ヨシキのお店
019
「どした?リンス。黄昏ちゃって」
「どしたじゃありません。せっかく目を覚ましたのにもう居なくなっちゃうんですよ」
「あー、ずっと会えない訳じゃ無いからさ、あまりそう暗くならないで」
「まぁそうですけど...ちゃんとお兄様の所へ行くので待っていて下さいね」
「あはは...でも来る前には魔導リングで連絡してよ」
「分かりました」
エクはリンスとそう会話を交わしつつ服を詰めてきたツーを机の上に置く。
そしてリンスが待っているベッドへと入る。
窓際にリンス、入口側にエクが寝そべる。
「お兄様」
「え、はい」
「お願いします」
「な、何を?」
「リフレッシュです。湯浴みしてませんので」
「あ、了解。僕も浴びてないし纏めて試しちゃうね」
エクはリフレッシュを唱える、実際唱えなくてもイメージで出来るが折角名付けたので言葉にする。

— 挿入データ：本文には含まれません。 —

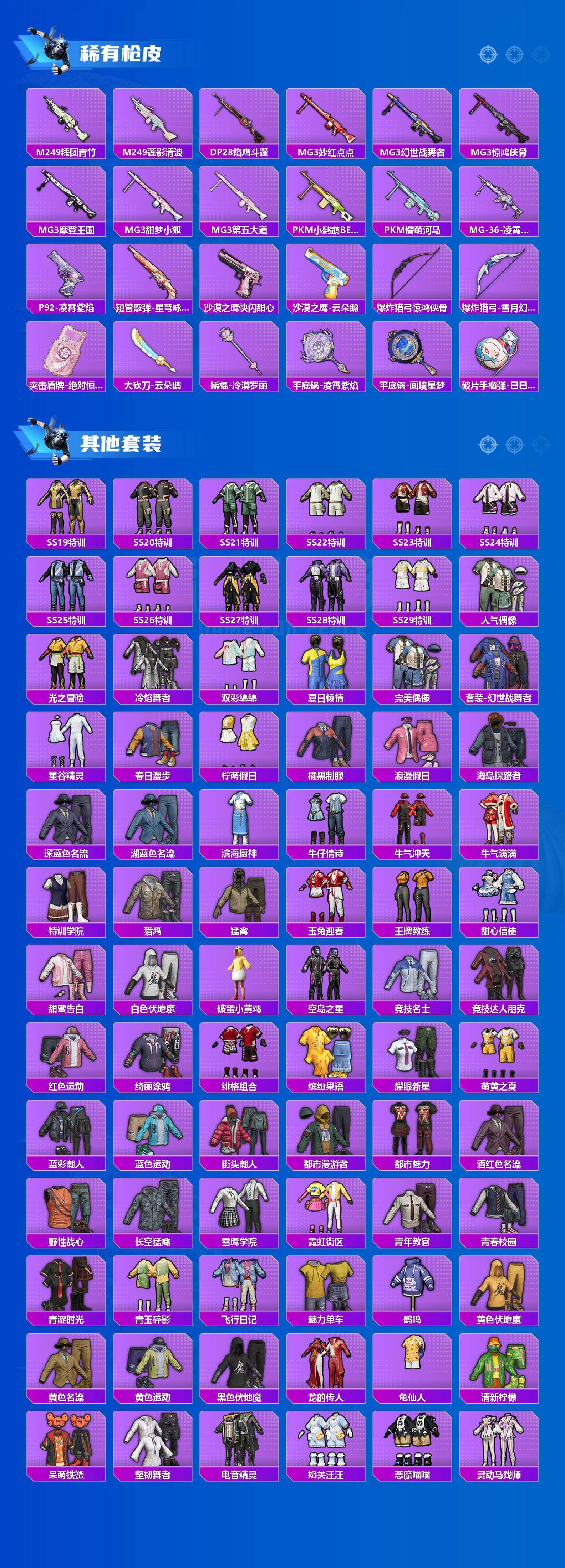 【粉色枪皮】:AKM-甜心宝贝,SCAR-L-锦绣绵绵,M416-电玩时刻,GROZA-镜光银凌,汤姆逊-热量炸弹,Kar98K-巳巳如意,M249-霁蓝缠春,DP-28-豹影疾电,平底锅-仲夏莫吉托

二人の服も身体も綺麗になり、範囲をイメージした為にベッドも綺麗になる。
「おお、流石ですお兄様」
「ありがと、じゃあ明日は宜しくね」
「はい、その後すぐに町を離れますか?」
「んー、そうだね。先ずはアズベア国を目指して」
「分かりました、おやすみなさい」
「おやすみ」
ここで二人は漸く眠りにつく。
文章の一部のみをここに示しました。